When Memories Disagree
Six months ago, your team gave a client a 15% discount to keep the deal alive. Now the client’s subsidiary wants the same terms. You ask your AI assistant what it knows about that original concession. What should it tell you?
The answer depends on who is asking and why. If you are preparing a relationship pitch, the concession was a trust-building move. If you are running a risk review, it was a precedent that could expose you legally. If you are doing financial planning, it was margin erosion. These are not different facts. They are different interpretations of the same event. And any AI agent that has been working with your team for months needs to hold all of them at once.

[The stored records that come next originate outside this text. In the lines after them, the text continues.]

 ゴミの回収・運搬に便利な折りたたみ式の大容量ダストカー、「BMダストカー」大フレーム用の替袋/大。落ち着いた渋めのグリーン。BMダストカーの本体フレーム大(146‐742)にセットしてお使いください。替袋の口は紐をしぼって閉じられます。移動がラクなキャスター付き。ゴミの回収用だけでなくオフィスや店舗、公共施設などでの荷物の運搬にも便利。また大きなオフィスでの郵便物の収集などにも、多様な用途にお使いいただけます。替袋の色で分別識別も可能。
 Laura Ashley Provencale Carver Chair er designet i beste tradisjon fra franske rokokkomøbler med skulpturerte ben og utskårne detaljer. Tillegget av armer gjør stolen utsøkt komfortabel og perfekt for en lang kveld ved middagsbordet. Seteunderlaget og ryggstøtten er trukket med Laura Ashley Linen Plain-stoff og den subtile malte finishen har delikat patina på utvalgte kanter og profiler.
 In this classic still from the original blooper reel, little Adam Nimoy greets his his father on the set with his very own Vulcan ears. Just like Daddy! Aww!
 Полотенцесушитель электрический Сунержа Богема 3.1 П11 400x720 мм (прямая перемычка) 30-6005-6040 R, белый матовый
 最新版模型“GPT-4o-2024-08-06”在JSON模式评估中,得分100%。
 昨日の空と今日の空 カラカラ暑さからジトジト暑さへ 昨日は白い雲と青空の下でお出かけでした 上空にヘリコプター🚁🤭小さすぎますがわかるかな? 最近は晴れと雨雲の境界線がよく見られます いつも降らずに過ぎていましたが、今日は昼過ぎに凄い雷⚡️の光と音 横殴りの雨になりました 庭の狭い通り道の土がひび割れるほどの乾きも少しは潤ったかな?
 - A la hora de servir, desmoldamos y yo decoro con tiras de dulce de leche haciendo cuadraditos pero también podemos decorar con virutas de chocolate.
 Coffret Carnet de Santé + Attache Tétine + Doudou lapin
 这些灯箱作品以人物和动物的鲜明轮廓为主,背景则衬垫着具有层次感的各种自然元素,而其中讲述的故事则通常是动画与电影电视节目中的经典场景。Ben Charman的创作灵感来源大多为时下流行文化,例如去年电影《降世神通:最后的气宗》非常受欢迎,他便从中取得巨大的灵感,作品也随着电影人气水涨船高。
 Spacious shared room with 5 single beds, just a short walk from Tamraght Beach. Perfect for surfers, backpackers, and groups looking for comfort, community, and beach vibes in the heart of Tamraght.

Current memory systems for AI agents assume there is one correct way to store an experience. You either commit to an interpretation at encoding time, like a knowledge graph with a fixed schema, or you defer everything to retrieval time, like a vector store that just pattern-matches on semantic similarity. The first approach locks you into one perspective before you know which one will matter. The second never builds any goal-relevant structure at all. The raw text agreed to 15% discount after client mentioned competitors does not use risk vocabulary, so a risk-oriented query might never find it.
I started thinking about this through the lens of cognitive science. There is a classic result by Morris et al. from 1977 showing that encoding something for one purpose produces memories poorly suited for another purpose. Even when the deeper encoding would normally be considered better. Encoding context and retrieval context need to match. Minsky had a similar intuition when he argued that minds are better modeled as societies of competing agents than as unified systems.
What if goals parameterized encoding, not just retrieval? Each strategic perspective gets its own encoding agent, its own ontology, and its own knowledge graph. When Relationship Strategy encodes the concession, it stores a trust signal and discards margin data. When Financial Planning encodes it, it stores margin erosion and discards relationship framing. The resulting memories are genuinely separate, shaped by separate goals.
This creates a coordination problem. When a query arrives, we have multiple perspectives with conflicting interpretations. How do you decide which one to surface?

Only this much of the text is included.